* [Exercise brief]
Every record is to be duplicated exactly as it reads, without its images.

* [Source data]
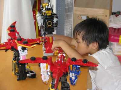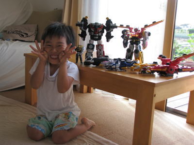 朝からゴセイジャーのおもちゃに囲まれてご機嫌で起床。
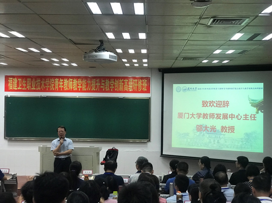 8月20日上午,福建衛(wèi)生職業(yè)技術(shù)學(xué)院2019年暑期教師教學(xué)能力提升與教學(xué)創(chuàng)新高級研修班在廈門大學(xué)國家級教師教學(xué)發(fā)展示范中心舉辦開班儀式。本次研修是2019年我院繼黨校第十二期暑期干部研討班之后舉辦的第二個暑期培訓(xùn)班,廈門大學(xué)原副校長、國家級教師發(fā)展示范中心主任鄔大光教授,我院黨委書記曾武祈、紀(jì)委書記游峰、副院長陳貞健、副院長黃銘珊和副院長鄭翠紅等院領(lǐng)導(dǎo)出席了開班儀式。來自學(xué)院專業(yè)帶頭人、教研室主任(含實訓(xùn)中心主任)、骨干教師、青年教師和新進教師120多人,齊聚一堂共同參加了本次研修班的開班儀式。
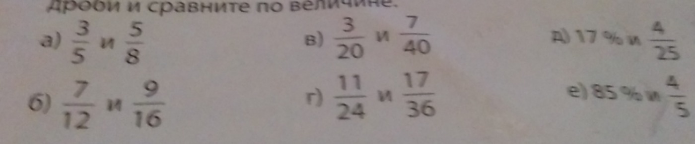 е) 85/100 = 17/20 и 4/5= 16/20 или 17>16
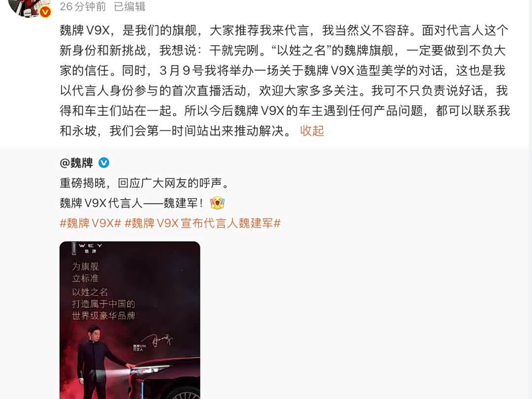 魏建军代言魏牌V9X:一场关于信任的“极限测试”
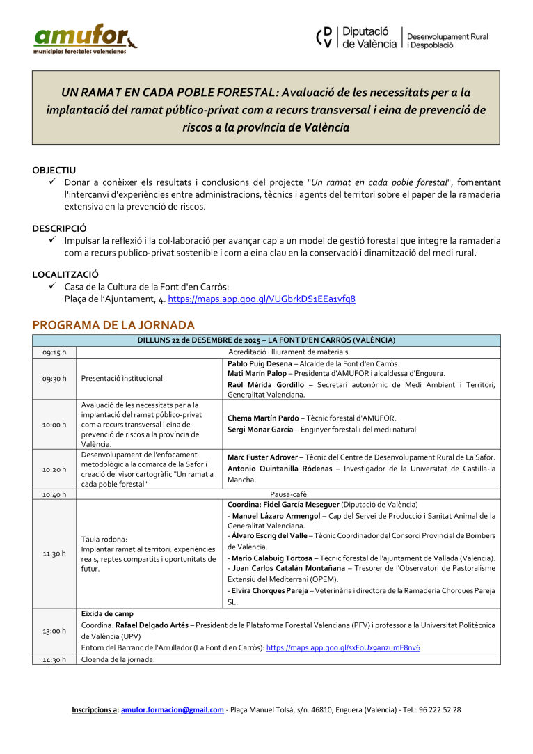 Un ramat en cada poble forestal: Avaluació de les necessitats per a la implantació del ramat público-privat com a recurs transversal i eina de prevenció de riscos a les comarques de València.
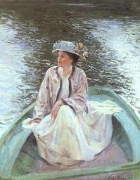 Keywords: Guy Rose - On the River.jpg Oil canvas cm Private collection object history credit line accession number user Rlbberlin PD-old-auto 1925 Guy Rose Paintings of women sitting in boats 1908 paintings
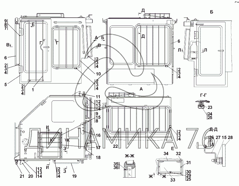 Перечень комплектующих от ТТ2501-59-1СП Кабина на ТГ-503Я
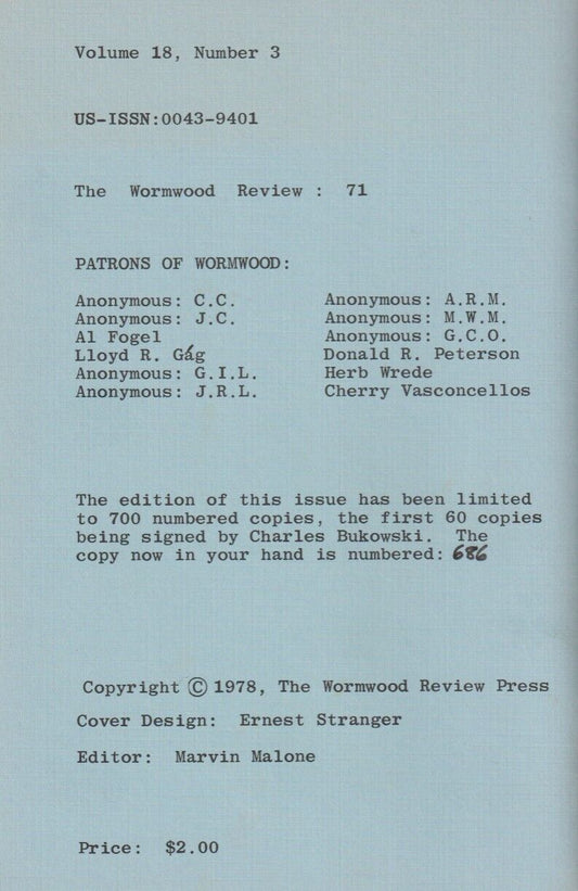 Wormwood Review 71 #686/700 -- Charles Bukowski Chapbook with 41 Poems, Nine Uncollected (1978)

* [Answer to this task]
 朝からゴセイジャーのおもちゃに囲まれてご機嫌で起床。
 8月20日上午,福建衛(wèi)生職業(yè)技術(shù)學(xué)院2019年暑期教師教學(xué)能力提升與教學(xué)創(chuàng)新高級研修班在廈門大學(xué)國家級教師教學(xué)發(fā)展示范中心舉辦開班儀式。本次研修是2019年我院繼黨校第十二期暑期干部研討班之后舉辦的第二個暑期培訓(xùn)班,廈門大學(xué)原副校長、國家級教師發(fā)展示范中心主任鄔大光教授,我院黨委書記曾武祈、紀(jì)委書記游峰、副院長陳貞健、副院長黃銘珊和副院長鄭翠紅等院領(lǐng)導(dǎo)出席了開班儀式。來自學(xué)院專業(yè)帶頭人、教研室主任(含實訓(xùn)中心主任)、骨干教師、青年教師和新進教師120多人,齊聚一堂共同參加了本次研修班的開班儀式。
 е) 85/100 = 17/20 и 4/5= 16/20 или 17>16
 魏建军代言魏牌V9X:一场关于信任的“极限测试”
 Un ramat en cada poble forestal: Avaluació de les necessitats per a la implantació del ramat público-privat com a recurs transversal i eina de prevenció de riscos a les comarques de València.
 Keywords: Guy Rose - On the River.jpg Oil canvas cm Private collection object history credit line accession number user Rlbberlin PD-old-auto 1925 Guy Rose Paintings of women sitting in boats 1908 paintings
 Перечень комплектующих от ТТ2501-59-1СП Кабина на ТГ-503Я
 Wormwood Review 71 #686/700 -- Charles Bukowski Chapbook with 41 Poems, Nine Uncollected (1978)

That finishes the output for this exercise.